During the period of the current study (2006–2011), no registered pharmaceuticals were approved for treatment of ADHD in adults. Since then, osmotic release oral system methylphenidate (OROS-MPH) has been approved for continued treatment in adulthood in 2011, atomoxetine (ATX) for adults in 2013, and methylphenidate extended release in 2014 for adults newly diagnosed with ADHD. In Sweden, psychiatry specialists and trained pediatric neurologists can initiate pharmacologic treatment with MPH in patients with ADHD, while the authority to prescribe ATX is not restricted to psychiatry specialists.¹⁷ During the period studied, amphetamines (amphetamine and dexamphetamine) were recommended in Sweden as the last treatment option and were only available on a named-patient basis.¹⁷ Since December 2013, the long-acting prodrug lisdexamfetamine (LDX) has been available in Sweden: it was initially approved for treatment of ADHD in children and adolescents (6–17 years) when response to previous MPH treatment was considered clinically inadequate.²⁶ Since March 2015, LDX has also been approved for the treatment of ADHD in adults.²⁶

In Nordic countries including Sweden, awareness of ADHD appears to be increasing, with higher reported rates of diagnosis and treatment in recent years,^3,22,25,27 and an increase in ADHD prescriptions over time, for both sexes and irrespective of age.^3,28 Despite such increases, adults with ADHD may still be undertreated, and rates of treatment discontinuation in adolescents and young adults are higher than expected considering the persistence of the disorder in later life.²⁸ A comprehensive overview of the prevalence and treatment of ADHD in adults in Sweden is needed to inform clinicians and aid resource planning for patient management in the future.

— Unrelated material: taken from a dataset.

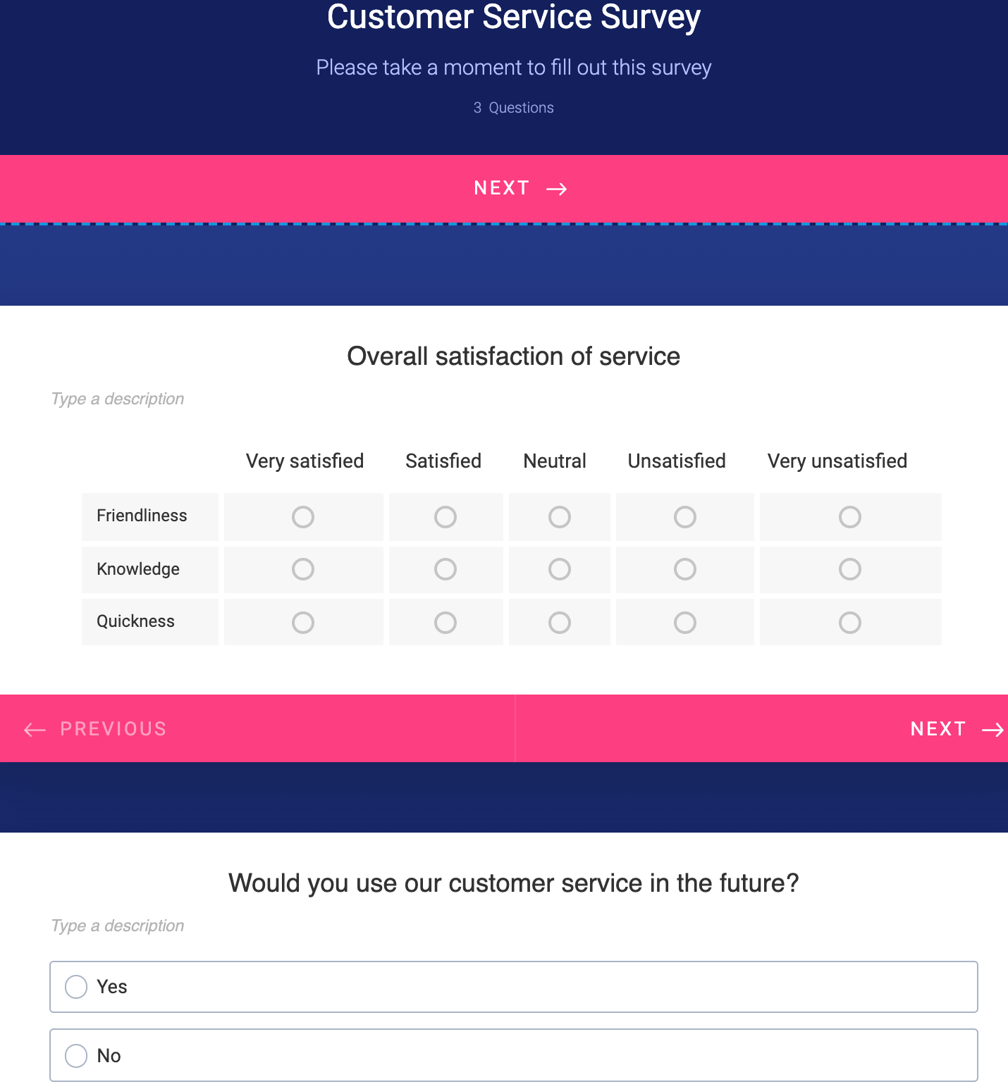 Jotform is an easy-to-use form builder that enables you to survey customers quickly and in an organized manner. Instead of creating a survey from scratch, choose from dozens of pre-built customer satisfaction surveys to save time.
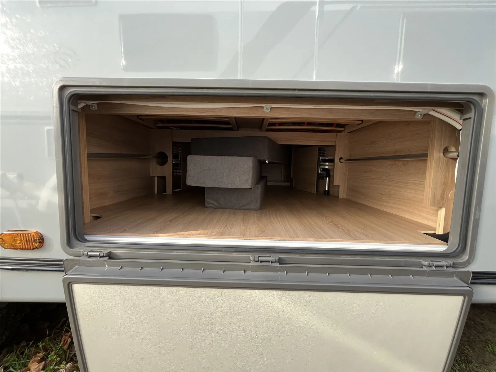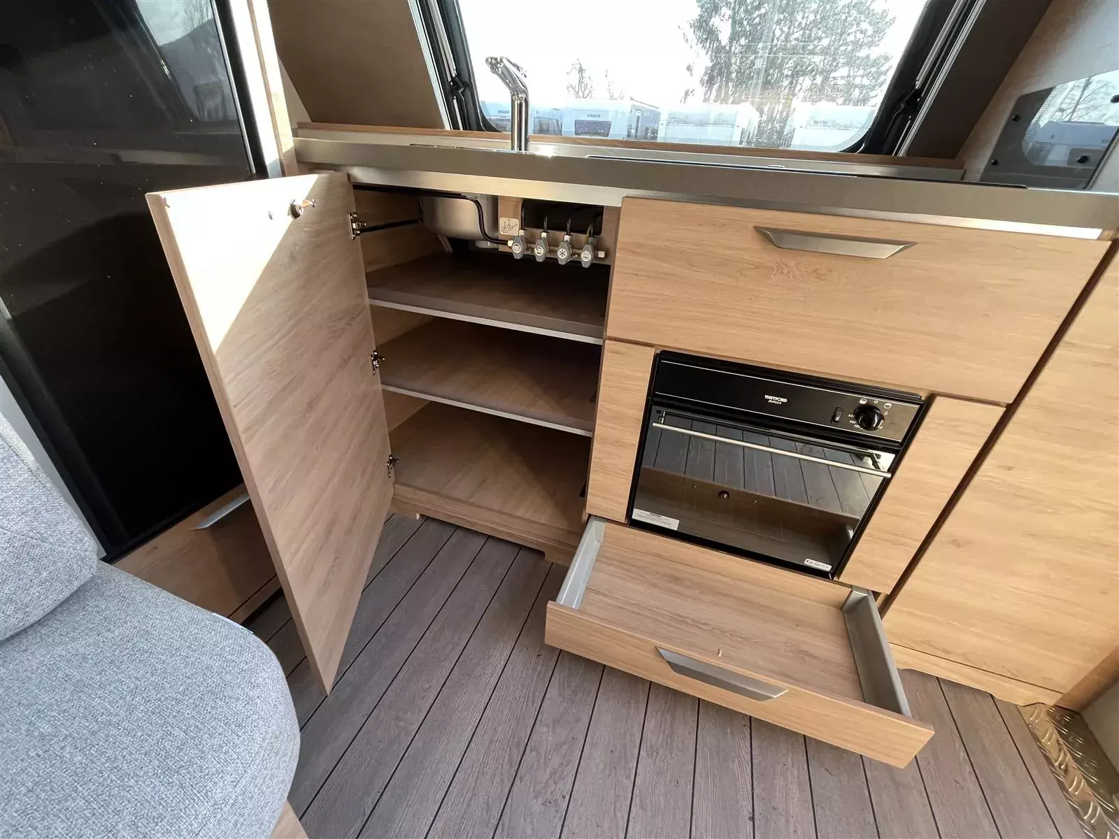 * Ein besonderes Highlight ist die ALDE Warmwasser-Heizung inklusive Fußbodenheizung, die im ganzen Wohnwagen eine sanfte, gleichmäßige Wärme erzeugt – perfekt für komfortorientierte Ganzjahres-Camper. Die hochwertige EvoPore-WaterGel-Matratze mit Tellerfedersystem im Queensbett sorgt für einen Schlafkomfort, der weit über dem üblichen Caravan-Niveau liegt. Dazu kommen viele sinnvolle Komfortdetails wie die DuoControl-Technik, Gasbackofen, Füllstandanzeigen, zusätzliche Stauraumlösungen und durchdachte Serviceklappen, die den Alltag unterwegs spürbar leichter machen.

The objectives of this study were to explore over time the overall prevalence of diagnosed ADHD between 2006 and 2011, and the incidence of newly registered ADHD diagnoses between 2007 and 2011 in Swedish adults, and to assess comorbidities and pharmacologic treatment use in this population.

Methods

This was a retrospective, longitudinal, observational, register study in Sweden of all adults with a registered diagnosis of ADHD between 2006 and 2011, and adults newly diagnosed with ADHD between 2007 and 2011. Data were derived through the linkage of two national population-based registers (using unique personal identification numbers): the National Patient Register (NPR) and the Prescribed Drug Register (PDR), both held by the National Board of Health and Welfare (Stockholm, Sweden).²⁹ The NPR has nationwide coverage of about 75% for psychiatric outpatient care since 2001 and includes information on patient characteristics such as age and sex, date of the visit, primary discharge diagnosis, and up to 7 secondary diagnoses assigned by the treating medical doctor in accordance with ICD-10.¹³ The PDR provides information on all prescribed medications since 2005, with identity data for more than 99.7% of patients.³⁰ Data were unidentified when analyzed, and the study was approved by the Regional Ethical Review Board (protocol reference number: 2012/1315-31/3) in Stockholm. As this was a retrospective register study, informed consent by participants was not sought and the Regional Ethical Review Board deemed this ethically acceptable.

Patients

Through the NPR, adults (18 years and above) with a diagnosis of ADHD or hyperkinetic disorder defined by the ICD-10 codes F90.0–F90.9 and F98.8, either as the primary or secondary diagnosis, were identified. The F98.8 code was included to minimize the risk of missing any ADHD cases, as this code was used for ADHD without hyperactivity during this time period in some regions of Sweden. Data on age, sex, and the comorbid diagnoses (ICD codes are listed in Table 1) of autism, atypical autism, anxiety, Asperger syndrome, bipolar disorder, depression, eating disorder, impulse control disorder, personality disorder, oppositional defiant disorder, schizophrenia, and SUD were obtained. The PDR provided data (including dispensing date) on ADHD medications, including OROS-MPH, immediate-release methylphenidate (MPH-IR), modified-release methylphenidate (MPH-MR), ATX, amphetamine, dexamphetamine, and modafinil. Medications with the Anatomical Therapeutic Chemical (ATC) code substring “N06BA” were considered to be ADHD medications.³¹ Although ATX and OROS-MPH were not approved for use in adults at the time of the study, both were approved for use in children and adolescents, and were used off-label for adults with ADHD. Modafinil is not indicated for use in ADHD but is prescribed off-label for this indication.³² Information on concomitant medications was also obtained through the PDR. The categories of psychotropic medications used were anxiolytics, hypnotics, selective serotonin reuptake inhibitors (SSRIs), serotonin–norepinephrine reuptake inhibitors (SNRIs), antipsychotics, non-selective antidepressants, and other antidepressants; the ATC codes for the medications within each of these categories are listed in Table 1.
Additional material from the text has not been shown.